Manny Pacquiao did indeed look crisper, sharper, better in Malaysia against Lucas Matthysse than he did in July 2017 against Jeff Horn. And we do think a change in regimen, an embrace of old doughy buddy Buboy, helped Manny mentally, in that it helped him hit a mental reset button. Many of us do need that periodically as we march through life and find ourselves faced with new obstacles that circumstance throws at us, often because of the inevitable decline of the vessel, propelled by aging.

And Matthysse, yes, he’s not the “old” Matthysse; he looked like a kind of “old” Matthysse, same as he did in his previous fight, until he dipped down deep into his bag and summoned a power surge to stop overmatched Tewa Kiram. This style of fight, against a man with legs past their sell-by date, suited Manny much more than the fresh grinder Horn.



Anyway, all this analysis will pop up, to a degree, as we ponder what’s next for Pacman. To a degree. A couple months from now, the Boxrec result will be more the focus, rather than the particulars on how that came about.

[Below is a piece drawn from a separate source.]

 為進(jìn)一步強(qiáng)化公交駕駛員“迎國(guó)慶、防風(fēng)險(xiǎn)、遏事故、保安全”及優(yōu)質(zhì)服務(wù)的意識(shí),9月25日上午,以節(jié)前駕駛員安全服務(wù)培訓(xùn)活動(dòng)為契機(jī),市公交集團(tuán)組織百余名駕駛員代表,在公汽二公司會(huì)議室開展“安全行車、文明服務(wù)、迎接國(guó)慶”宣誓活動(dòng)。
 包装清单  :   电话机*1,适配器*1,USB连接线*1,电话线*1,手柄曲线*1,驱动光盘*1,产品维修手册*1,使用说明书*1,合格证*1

Right after Manny won, some hands shot up among persons volunteering to enter into combat with the 39-year-old senator. Brian McIntyre, trainer and adviser to Terence “Bud” Crawford, the pound-for-pound ace now warring in the welterweight ranks, said he’d love to see a Pacman-Crawford scrap.

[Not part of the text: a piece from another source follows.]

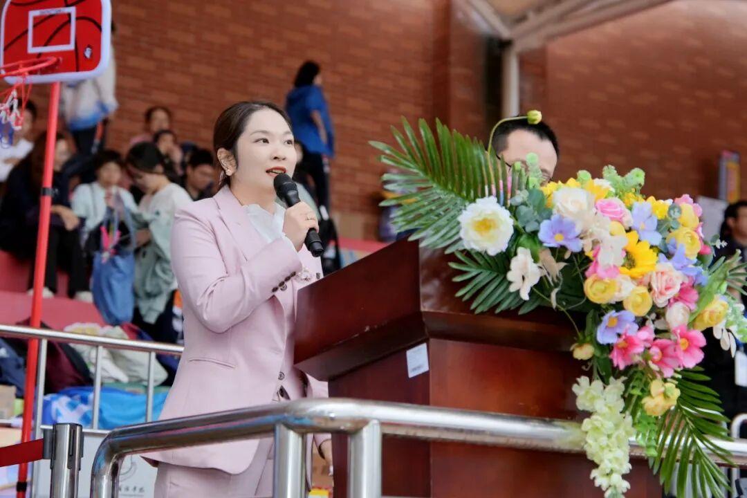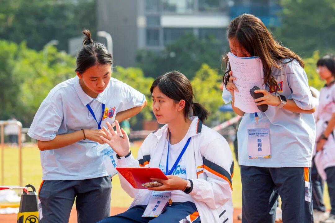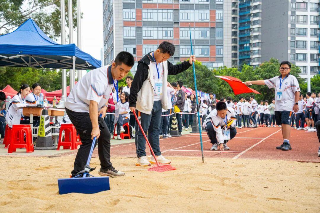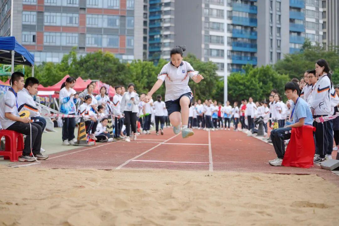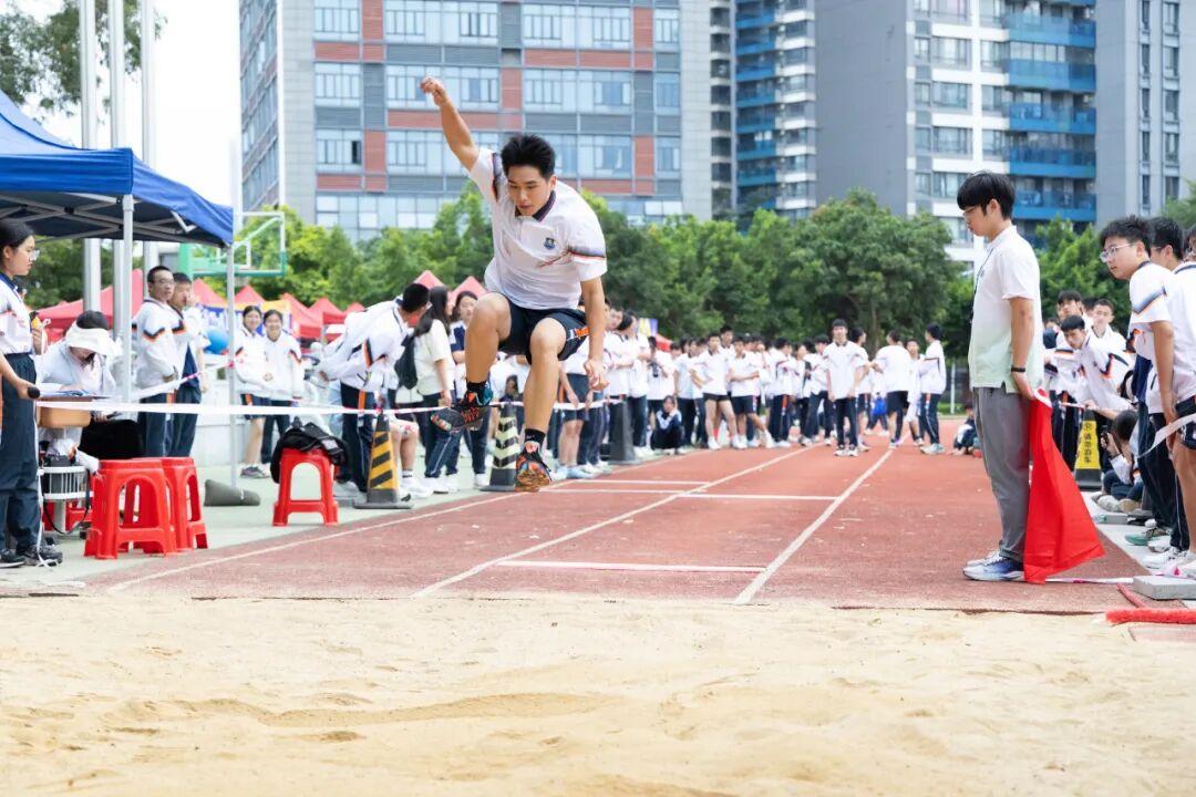 这一天,博雅园内彩旗飘扬,乐声激昂,运动会开幕式正式拉开帷幕。广州外国语学校校领导、集团校领导,以及特邀嘉宾——十五运会和残特奥会火炬传递工作指挥部专家组组长胡伟京先生、跳水奥运冠军张雁全先生、蹦床世界冠军蔡琪子女士等共同出席,见证这一激动人心的时刻。
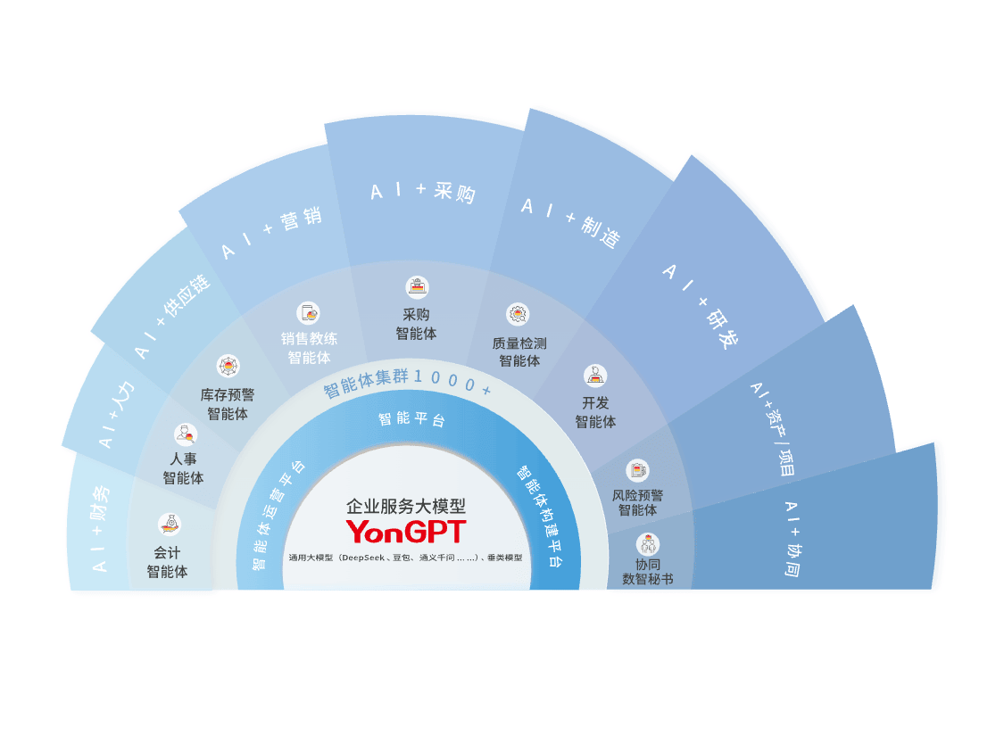 用友面向制造型及多工厂,按规模分层构建研产供销服全链路一体化数智制造平台,支撑集团统一管控、多厂协同与精益生产

“Fight Crawford for the big money fight,” Mac stated to me a little bit after Manny had his hand raised in Malaysia.

He did look good, eh?

“He looked good enough to give Crawford problems,” Macintyre said. Maybe, maybe not. Twitter smarts will be saying naw, Crawford is a different animal than Matthysse; his freshness and fierceness will prove to be humbling to Manny and send the senator closer to the boxing retirement zone.

Someone who will likely have a say in the matter is Top Rank bossman Bob Arum. Manny Pacquiao Promotions handled most of the Malaysia deal, and on the surface, from the outside, it looked like it went OK. But the nitty gritty deets, all that stuff that can only be learned by being in this very distinct arena, we don’t know how those elements were handled. We’d not be surprised if Team Manny acknowledges that this promotion stuff is harder, in a different way, than the fighting, and they come back to Arum and get back on the same promotional page that has been working to fine effect for decades.

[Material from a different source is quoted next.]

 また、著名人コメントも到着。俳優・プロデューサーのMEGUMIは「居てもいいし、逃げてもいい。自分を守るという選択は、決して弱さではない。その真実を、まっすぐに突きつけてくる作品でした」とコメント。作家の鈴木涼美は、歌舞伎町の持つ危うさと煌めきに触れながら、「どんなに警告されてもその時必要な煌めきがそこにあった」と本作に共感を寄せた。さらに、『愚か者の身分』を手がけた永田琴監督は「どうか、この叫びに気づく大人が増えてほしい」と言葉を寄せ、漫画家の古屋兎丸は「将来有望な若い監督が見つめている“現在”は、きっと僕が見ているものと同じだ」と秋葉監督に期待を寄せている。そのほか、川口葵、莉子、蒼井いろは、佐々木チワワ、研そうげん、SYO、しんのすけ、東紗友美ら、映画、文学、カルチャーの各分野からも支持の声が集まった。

So, Bob, would you like to make a Pacquiao versus Crawford fight?

“Bud or Lomachenko,” Arum told me on Sunday afternoon.

Your thoughts, readers? Is the “smaller” Lomachenko a better bet for Manny, better suited to where his skill set is now? Or would he be better off staying closer to welterweight and meeting Bud on that playing field? Both Bud and Loma are sublime operators, so he’d be the underdog against either, no?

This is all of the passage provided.